The car didn’t seem to have any problems on the drive over to City Hall. And Ben turned out to be a whiz at parallel parking, something Nora had barely managed on her road test and avoided whenever possible.

They even managed to get decent seats—in the second row, right behind a reporter from Government Affairs Monthly and a freelance writer for the Associated Press.

Ben turned to her and whispered, “OK, Nora. You’re just here to watch today. I probably am, too. I doubt I’ll have the chance to ask anything, but it’s still good experience just to be here.” She nodded. But she saw his notebook, with several questions scribbled in his nearly unreadable handwriting.

Mayor Kinsey and his press secretary came out, a few minutes late, and gave a short statement about progress on building a new runway for the airport, and then they took questions. Nora wasn’t sure why she and Ben were even here—nothing that was being discussed seemed at all relevant to Albion College.

But then the transportation reporter from the Albany Courier asked about proposed cuts to the city bus system. The Mayor gave a dodgy non-answer, and Nora saw her hand shoot up before she even realized she’d done it. Ben glared at her, but it was too late—she was being called on.

“Yes, Miss …”

“Langley, Albion Observer.” She paused for a moment, trying to recall the exact figures in the article she’d been working on just an hour ago. “Over 40% of students at Albion are commuters, and most of them rely on the number 23 bus route to go to and from campus. If you cut that route, how will they be able to complete their education? These are local people who will become local employees and local taxpayers when they graduate. If they graduate, given the impact of your transit cuts. What do you say to them and their families?”

She couldn’t believe herself; her heart was pounding too loud for her to even hear the Mayor’s answer. But it must have been another dodge, because she saw a dozen raised hands to follow up on her question, and several more reporters frantically jotting down the Mayor’s words. And hers, too?

But better than that was the way Ben’s glare had transformed into a proud—almost triumphant—grin.

Daniel, October 10

Daniel was at the desk in the lab, as usual on a Wednesday. And the lab was almost empty, also as usual. The only difference today was that he was caught up on all his classes, so he could actually pay attention to the one person who was working in the lab.

It was Valerie. She was here a lot. Almost every day he worked in the lab, come to think of it. And she had a question almost every visit. It was weird that she couldn’t get the hang of things he’d explained three or four times.

“Hey, Daniel,” she said, seemingly on cue.

He went over to see what she needed.

“I can’t get the footer to look right. It keeps messing it up.”

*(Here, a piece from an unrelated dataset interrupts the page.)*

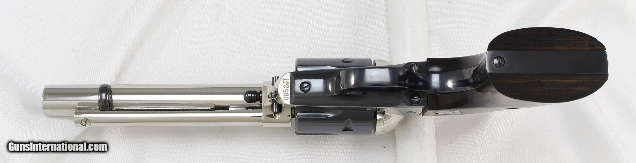 Description: Colt SAA New Jersey Tercentenary Commemorative Revolver in .45LC. SN #0052JT. Made in 1964. Only 250 of these were made. NEW AND UNFIRED OTHER THAN TESTING. 5 1/2" Nickel Plated Barrel and Nickel Frame. The Metal Finish is in NEW condition. The Walnut Grips with Rampant Colt Medallions are also in EXCELLENT condition. Comes in a Colt Wooden Display Case marked with New Jersey Tercentenary 1664-1964. Weight: 2.35 lbs. Trigger Pull: 5 1/4 lbs. More photos available upon request. Ships to Lower 48 W/ Insurance $35.00. SOLD Curio/Relic: Yes Handgun Caliber: .45 Colt Manufacturer: Colt Model: SAA New Jersey Commemorative Serial Number: 0052JT Barrel Length: 5 1/2 Condition: New In Box Metal Condition: New In Box Wood Condition: New In Box Bore Condition: Unfired Action: Single Action Finish: Blued / Nickel Weight: 2.35 lbs Manufacture Date: 1964 |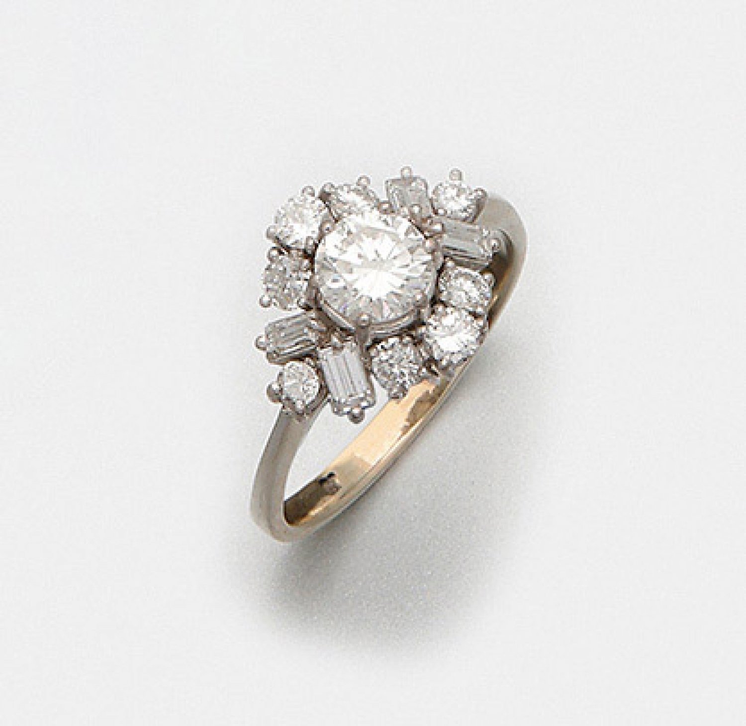 Hochfeiner Diamantring Weißgold, gest. 750. Zentral besetzt mit einem Brillanten von ca. 0,50 ct. (I-J/si) entouriert von Brillanten und Diamantnavetten von zus. ca. 0,40 ct. (H/vvs). Gew. ca. 3,07 g.

He’d shown her how to fix that last week. And two weeks ago. “You have to use the format menu. You can’t just click in the footer like you did there.”

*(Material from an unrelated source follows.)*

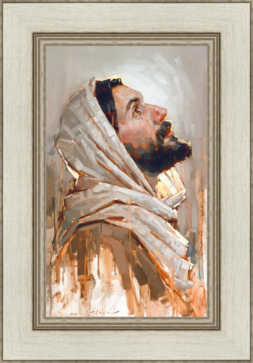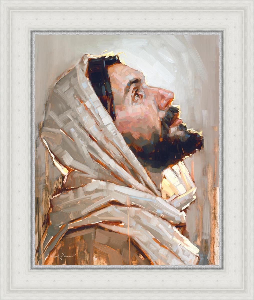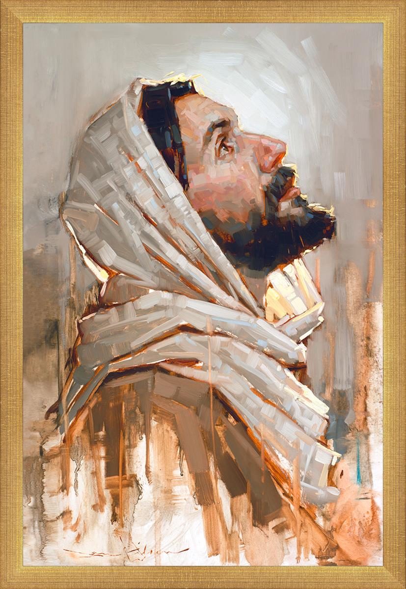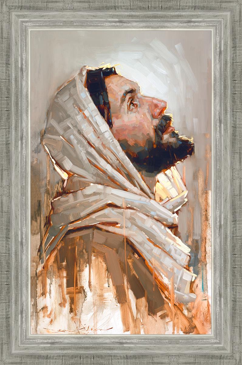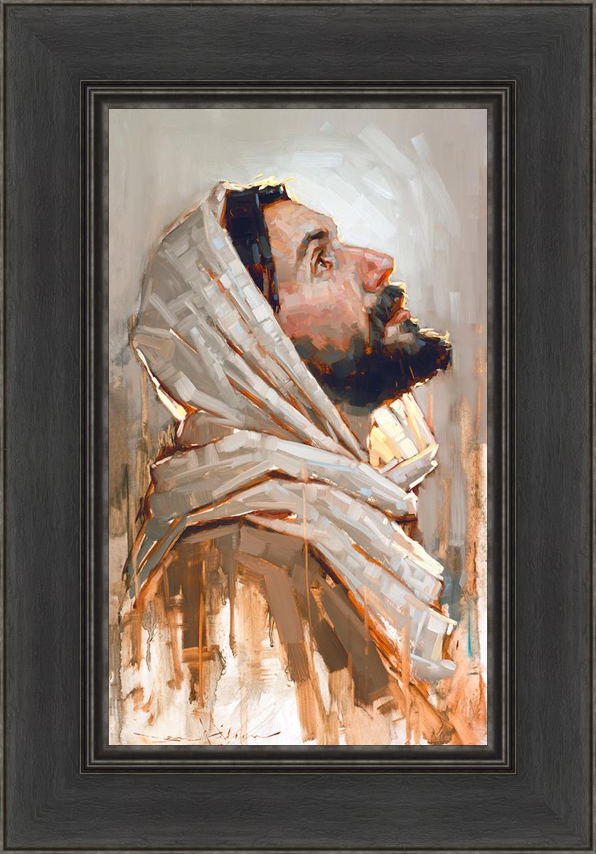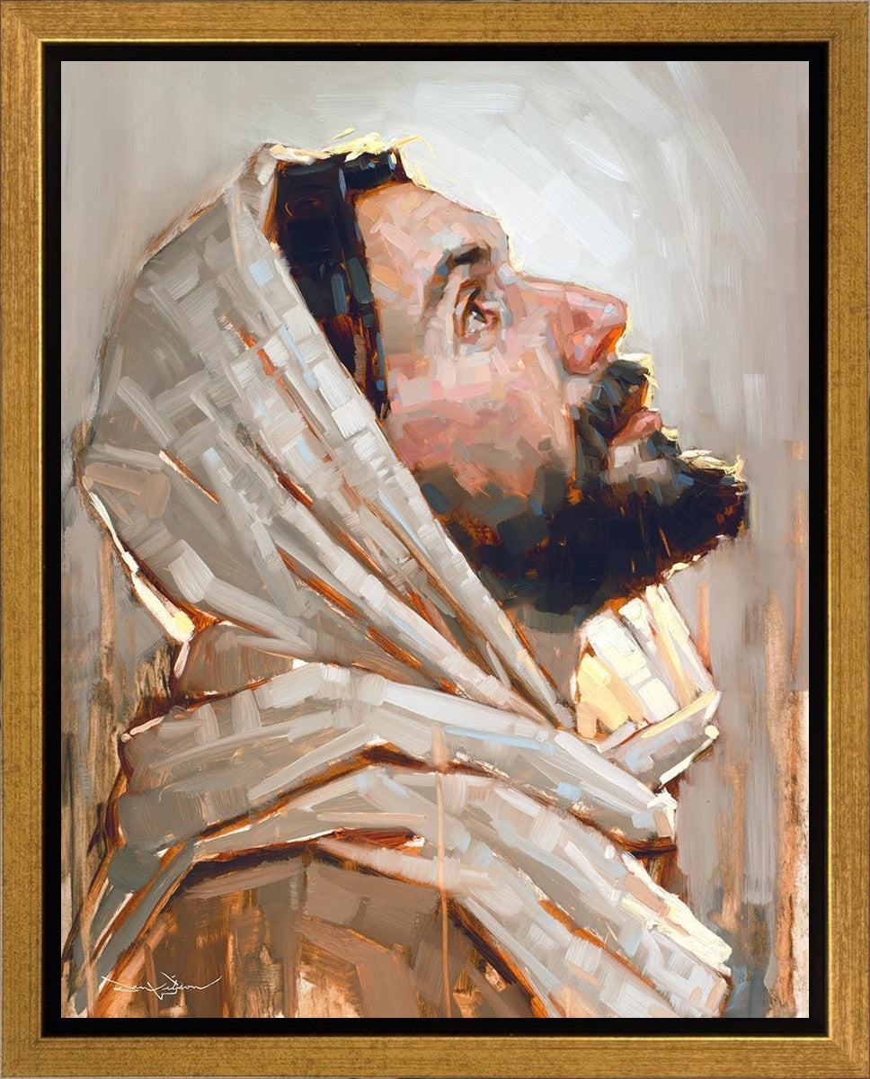Look to God and Live" painting by Dan Wilson is an inspiring painting depicting Jesus' side profile, gazing upwards toward heaven amidst turbulent waves, symbolizing the importance of turning to God for guidance and salvation. This Christian artwork by Dan Wilson embodies themes of faith, hope, redemption, and the transformative power of turning to Him.

He grabbed the mouse to show her, and her hand brushed against his. He expected—he didn’t know what, maybe for her to jump away? But she didn’t. She smiled at him instead, and then watched him demonstrate—again—what she needed to do.

“Thanks. Maybe I’ll remember this time. Unless something,”—she glanced up at him, smiled—“distracts me.” She shrugged. “Or maybe there’s only so much room in my brain, and it’s filled with case readings and statutes. No room for anything else.”

Daniel doubted that. He was pretty sure there was room in Valerie’s brain for whatever she wanted to be there.

And then a thought occurred to him, so absurd that he couldn’t imagine where it had come from. Maybe she did remember about the footers—and everything else she kept “forgetting”—and she just wanted his attention.